## Task directions
Emit the data below verbatim, stripping out any pictures.

(Dataset excerpts)
=== Section Start ===

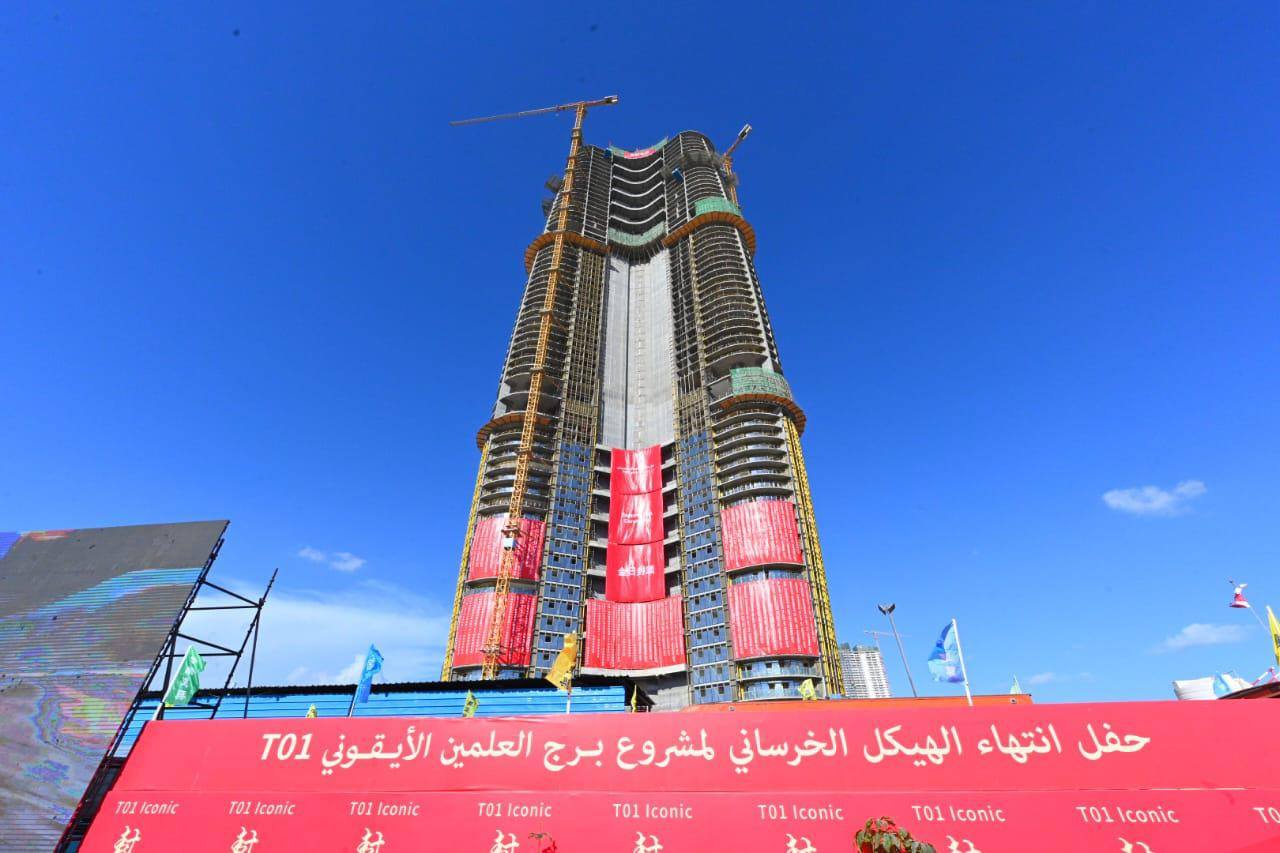 وقال الوزير، إن إنشاء الهيكل الخرساني للبرج الأيقوني كان تحدياً كبيراً بهذا الارتفاع وبشكله المتميز المنحني بالاتجاهين الرأسي والأفقي بشكل (Y-Shape)، وتم تنفيذه بمجهود عظيم وتنسيق وتعاون تام بين هيئة المجتمعات العمرانية الجديدة، واستشارى المشروع “دار الهندسة”، وشركة “CSCEC” الصينية، حيث تم الوصول لمعدلات تنفيذ عالمية بلغت 7 أيام للانتهاء من الدور الواحد كاملاً.
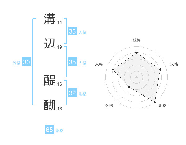 溝辺 醍醐さんの総格は65画の4点!
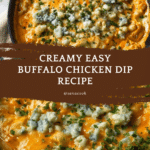 This Easy Buffalo Chicken Dip is a creamy, cheesy, and flavorful appetizer perfect for parties and game days. Made with tender diced chicken, tangy buffalo sauce, and a blend of cream cheese, sour cream, and cheddar cheeses, this baked dip is sure to be a crowd-pleaser. Serve it hot with chips, crackers, or veggies for a deliciously spicy snack.
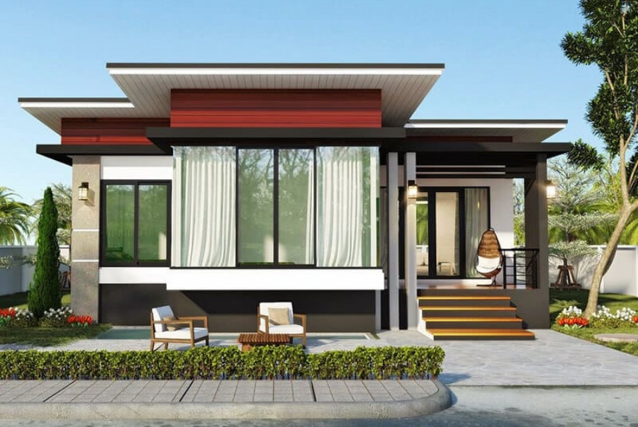 Thiết kế mái thái mang vẻ truyền thống kết hợp chất liệu kính giúp không gian sống trở nên hiện đại, tinh tế hơn. (Ảnh: Noithattugia)
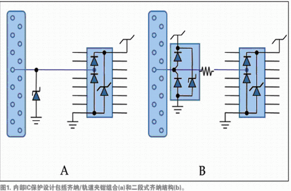 例如,與信號(hào)輸入相關(guān)的IC焊墊的特點(diǎn)是齊納二極管和結(jié)型鉗位二極管連接供電軌(圖1a),或者兩段式齊納鉗位二級(jí)管連接地面(圖1b)。多供電軌的IC需要使用軌道夾鉗阻止軌道在高速電流瞬變時(shí)擴(kuò)散。
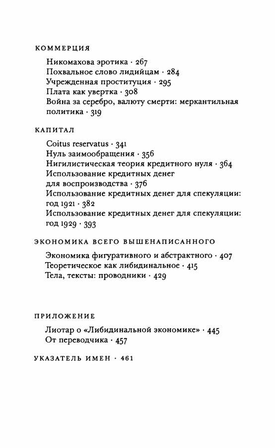 "Либидинальная экономика" (1974) - одна из трех "больших" книг философа, в которой он, реагируя на недостаточную, на его взгляд, критику капитализма в злободневном философском бестселлере "Анти-Эдип" Делёза - Гваттари, предпринимает не столько критику, сколько радикальную деконструкцию не только капитализма, но и всех его критик, начиная с Маркса и кончая Бодрийяром, и вообще любой экономики, в том числе фрейдовской или лакановской, кроме прокламируемой им экономики либидинальных интенсивностей.
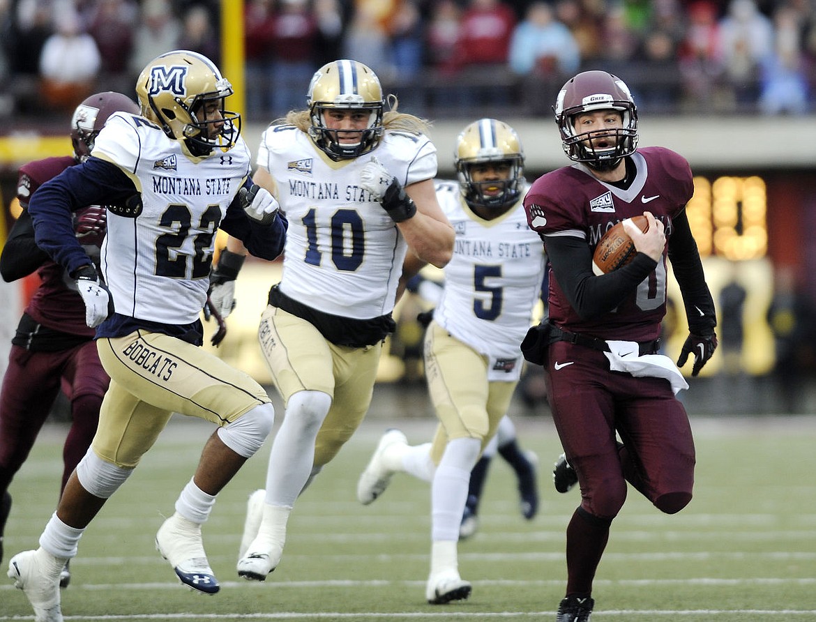 Montana quarterback Jordan Johnson runs away from a crowd of Montana State defenders during a long run in the first quarter of the Brawl of the Wild. (Aaric Bryan/Daily Inter Lake)

=== Section End ===

## Written answer
 وقال الوزير، إن إنشاء الهيكل الخرساني للبرج الأيقوني كان تحدياً كبيراً بهذا الارتفاع وبشكله المتميز المنحني بالاتجاهين الرأسي والأفقي بشكل (Y-Shape)، وتم تنفيذه بمجهود عظيم وتنسيق وتعاون تام بين هيئة المجتمعات العمرانية الجديدة، واستشارى المشروع “دار الهندسة”، وشركة “CSCEC” الصينية، حيث تم الوصول لمعدلات تنفيذ عالمية بلغت 7 أيام للانتهاء من الدور الواحد كاملاً.
 溝辺 醍醐さんの総格は65画の4点!
 This Easy Buffalo Chicken Dip is a creamy, cheesy, and flavorful appetizer perfect for parties and game days. Made with tender diced chicken, tangy buffalo sauce, and a blend of cream cheese, sour cream, and cheddar cheeses, this baked dip is sure to be a crowd-pleaser. Serve it hot with chips, crackers, or veggies for a deliciously spicy snack.
 Thiết kế mái thái mang vẻ truyền thống kết hợp chất liệu kính giúp không gian sống trở nên hiện đại, tinh tế hơn. (Ảnh: Noithattugia)
 例如,與信號(hào)輸入相關(guān)的IC焊墊的特點(diǎn)是齊納二極管和結(jié)型鉗位二極管連接供電軌(圖1a),或者兩段式齊納鉗位二級(jí)管連接地面(圖1b)。多供電軌的IC需要使用軌道夾鉗阻止軌道在高速電流瞬變時(shí)擴(kuò)散。
 "Либидинальная экономика" (1974) - одна из трех "больших" книг философа, в которой он, реагируя на недостаточную, на его взгляд, критику капитализма в злободневном философском бестселлере "Анти-Эдип" Делёза - Гваттари, предпринимает не столько критику, сколько радикальную деконструкцию не только капитализма, но и всех его критик, начиная с Маркса и кончая Бодрийяром, и вообще любой экономики, в том числе фрейдовской или лакановской, кроме прокламируемой им экономики либидинальных интенсивностей.
 Montana quarterback Jordan Johnson runs away from a crowd of Montana State defenders during a long run in the first quarter of the Brawl of the Wild. (Aaric Bryan/Daily Inter Lake)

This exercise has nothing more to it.